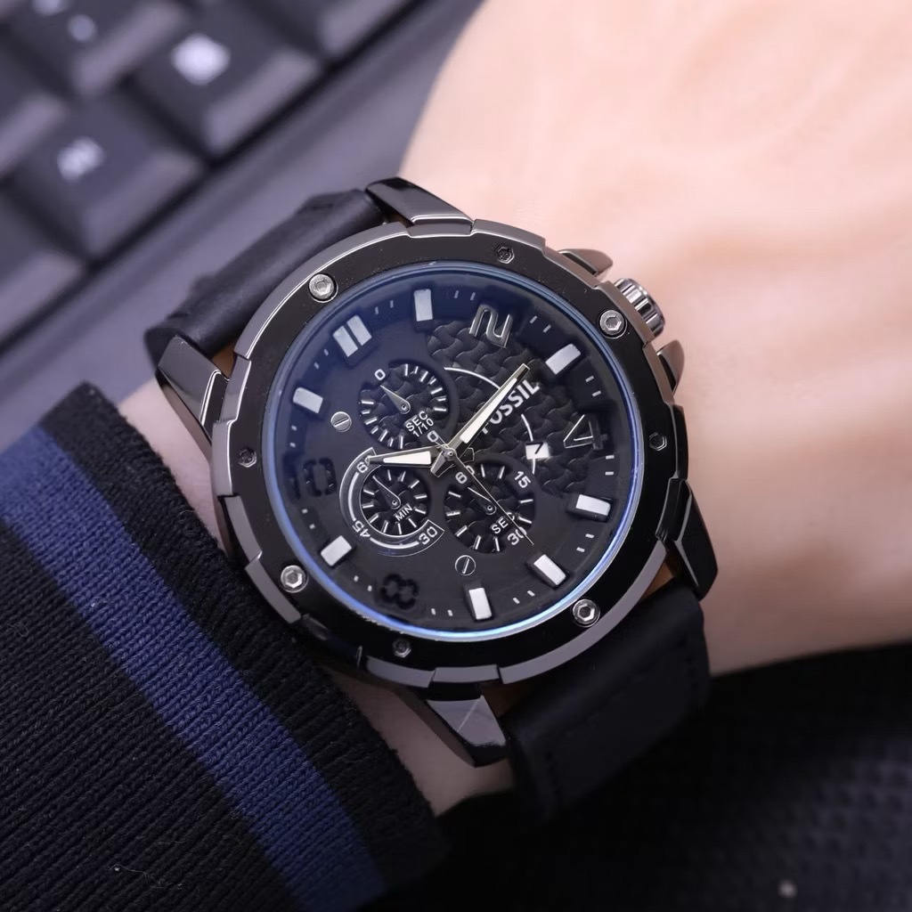 Jam Tangan Pria F972L Tanggal Aktif Tali Kulit Free Box Ori & Batrai ( )
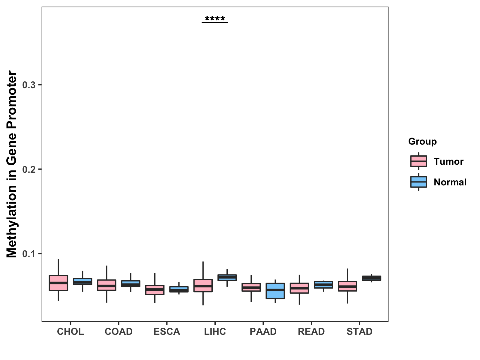Boxplot of All Gastrointestinal Cancer ( * : 0.01-0.05 , ** : 0.005-0.01 , *** : 0.0001-0.005 , **** : < 0.0001 ) |
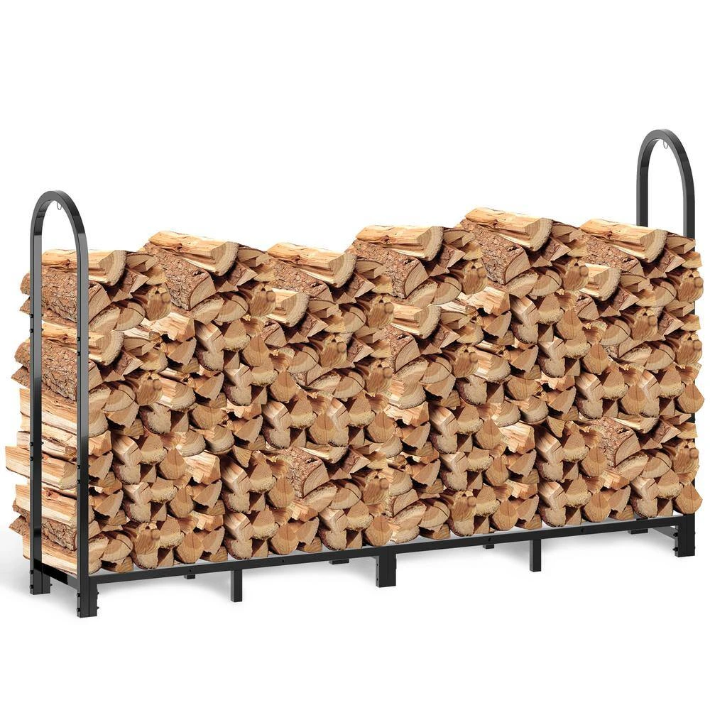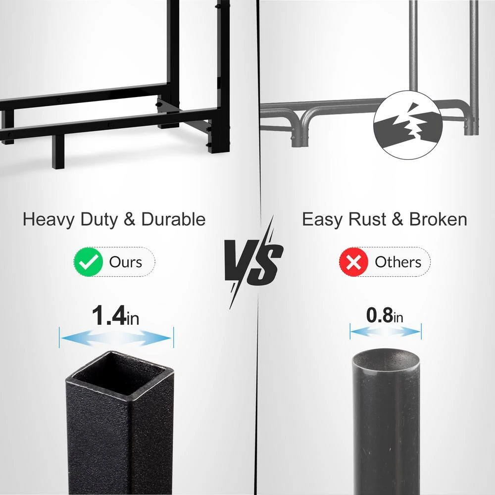 - Heavy-duty and durable: the firewood storage holder is made of heavy tubular steel construction with a black powder-coated finish, welds are even and looking overall, it has optimal durability, sturdy, rustproof, and weather fastness, it can hold enough wood for the fireplace in all seasons, features 2 lock rings and 10 solid rack legs, secure the rack reliably and effectively prevent tipping over of the heavy firewoods, just lock up the rack with extra straps and put the rack on a hard surface
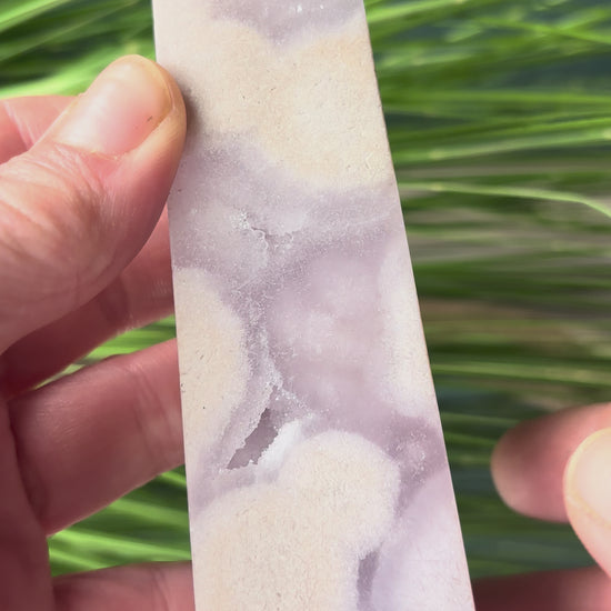 Dieser wunderschöne Pink-Amethyst-Turm begeistert mit seiner zarten rosa Färbung und natürlichen Kristallformationen. Der seltene Pink Amethyst zeigt sanfte Rosatöne von zartem Pastellrosa bis hin zu kräftigerem Pink, oft kombiniert mit funkelnden Drusen und natürlicher Bänderung. In eleganter Turmform geschliffen ist er ein kraftvolles Energiewerkzeug und beeindruckendes Dekorationsstück.
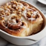 - Bake the Dish: Place the baking dish in the preheated oven and bake for 25-30 minutes until the cinnamon rolls are golden brown and fully cooked through.
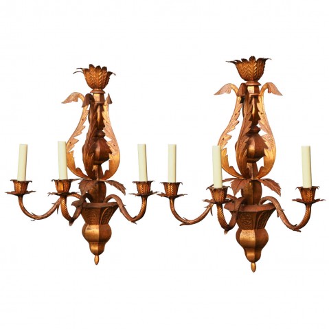 Gilded tole three light sconces with arms supported by a central urn and decorated with exaggerated acanthus leaves, Italy 19th century.
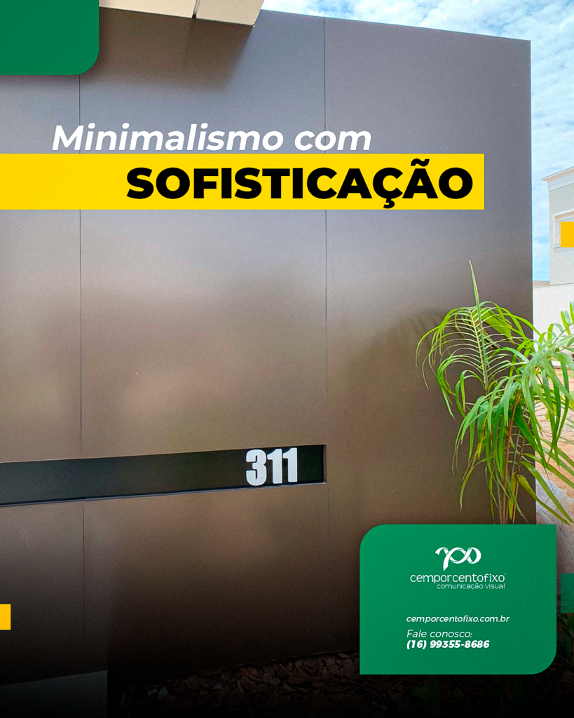 Um acabamento elegante faz toda a diferença na estética da fachada. Neste projeto, aplicamos revestimento em ACM marrom que garante um visual moderno, resistente e de fácil manutenção. Para completar, o número da residência foi destacado com letras caixa em PVC expandido branco, criando contraste e visibilidade com muito bom gosto.
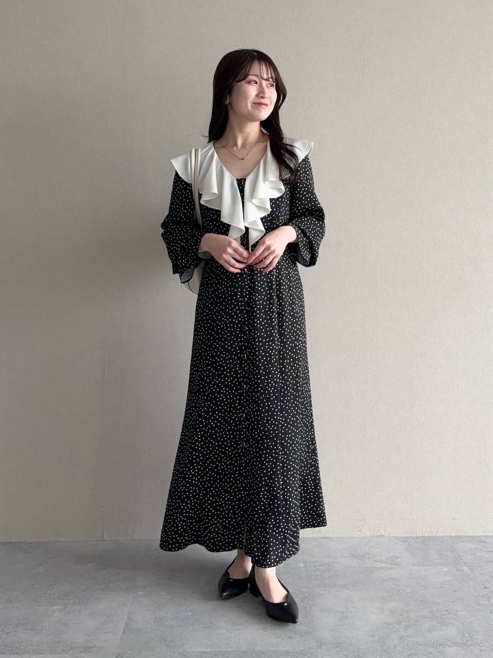 【ワンピース】 ドット柄にフリルと大好きが詰まったデザインワンピース♪ 安定に胸下切り替えでスタイルアップも叶う!骨格ウェーブ大優勝ワンピース◎ 155cm|骨格ウェーブ

- - -

**Work instruction**
What are the lines from the one containing "Um acabamento elegante" through the end of the records? Write them out exactly, leaving out the pictures.

**Finished exercise**
 Um acabamento elegante faz toda a diferença na estética da fachada. Neste projeto, aplicamos revestimento em ACM marrom que garante um visual moderno, resistente e de fácil manutenção. Para completar, o número da residência foi destacado com letras caixa em PVC expandido branco, criando contraste e visibilidade com muito bom gosto.
 【ワンピース】 ドット柄にフリルと大好きが詰まったデザインワンピース♪ 安定に胸下切り替えでスタイルアップも叶う!骨格ウェーブ大優勝ワンピース◎ 155cm|骨格ウェーブ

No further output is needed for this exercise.